Therefore, we consider that amendment 2 should be rejected, as should the consequential changes to wording that are proposed in amendments 3 to 5 and 7 to 9, as we strongly believe that they do not represent a clear or effective mechanism for delivering joint working on strategic development plans.

Section 48(14) of the bill amends section 277 of the 1997 act to introduce a definition of "strategic development planning authority". That definition relies on the words that amendment 6 would remove. The term "strategic development planning authority" is used throughout the new part 2 and it is not clear why that is considered necessary, although it may simply be considered as being consequent to Iain Smith's other amendments to the section. The provision in new section 4(4) to describe the group of authorities as a strategic development planning authority does not confer any specific powers on that authority; instead it attaches a term to the group of authorities as a whole, which for ease is then referred to in the rest of the development planning provisions.
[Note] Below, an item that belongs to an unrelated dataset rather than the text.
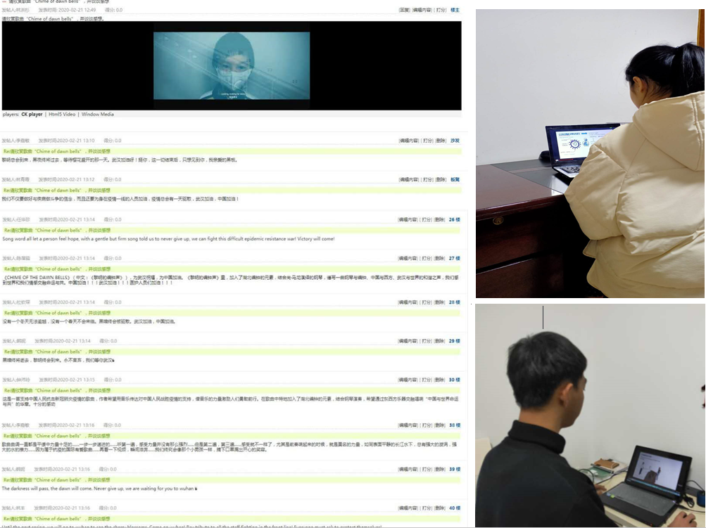 危急时刻也是教育的最佳时机。卢丛珊和林洪杉两位年轻的党员教师,勇担重任,积极献计献策,利用多种英语学习资源(英语新闻、宣扬抗击疫情的英文歌曲、趣配音等),在天使之城学习平台上,与学生们积极互动。通过英文歌曲、趣配音等大家喜闻乐见的形式,向学生宣扬正能量,在他们心中植入作为医学生,要无愧于时代担当的信念。通过英语,教会学生向世界发声,中国有战胜疫情的实力和信心。学生们积极参与学习,观看英语视频,学唱英文歌曲,了解冠状病毒的传播途径和预防方法,在评论区里热烈讨论,表达了向前辈看齐,年轻一代勇于担当,坚信中国人民能战胜疫情的情怀。

For that reason, as well as for the reasons for recommending that the committee reject amendments 2 to 5 and 7 to 9, I recommend that the committee reject amendment 6.

Amendment 84 would place a statutory requirement on Scottish ministers to consult authorities before designating the strategic development planning authorities and would give the Parliament the final say in deciding which authorities were and were not included.

We have already indicated to the Communities Committee our intention to consult planning authorities on the designation orders for the new strategic development planning authorities. That will follow on from a series of consultations and discussions with authorities that have already taken place, including the consultation "Making Development Plans Deliver", which set out the proposed groups of authorities. We believe that it is right that Scottish ministers should lead the consultation process on the designation orders and should have the opportunity to listen to all views before deciding on the final groupings. Scottish ministers will ensure that authorities have every opportunity to make their views known. Therefore, we recommend that the committee reject amendment 84.

On amendment 27, I am conscious of the significant issues that Euan Robson has highlighted today and before. Amendment 27 would allow planning authorities to form part of more than one strategic development planning authority. In fact, we have already consulted on our intention that Fife Council should form part of the strategic development planning authorities for the Dundee city region and the Edinburgh city region. The bill, as presently drafted, allows for that.

I understand the concerns about where the boundaries would be drawn for some of the strategic development planning areas, particularly in relation to Fife. I am also aware of the suggestion that only whole authorities should make up the strategic development planning authorities. However, amendment 27 would not require whole authorities to be part of each strategic development planning authority. If that is the intention, I urge Euan Robson to withdraw the amendment to allow for further consideration and amendment at stage 3.

I am certainly happy to commit to further discussion with Euan Robson on the issue and to discuss with other members any anxieties that they have about the implications that strategic development plans might have for particular areas. However, it is in the interest of all local authorities to ensure that local authorities work together on cross-boundary issues.

Iain Smith:

I thank members for their contributions to a debate on what is an important issue for my constituents and the people of Fife, although I am sure that it also has implications for other parts of Scotland.

I do not dispute that there might be advantages to having strategic development planning authorities, but I argue that they should not be a matter of compulsion. The bill should not provide ministers with the power to designate that an authority is to be part of an SDPA without the authority's agreement that that is in the interests of its area.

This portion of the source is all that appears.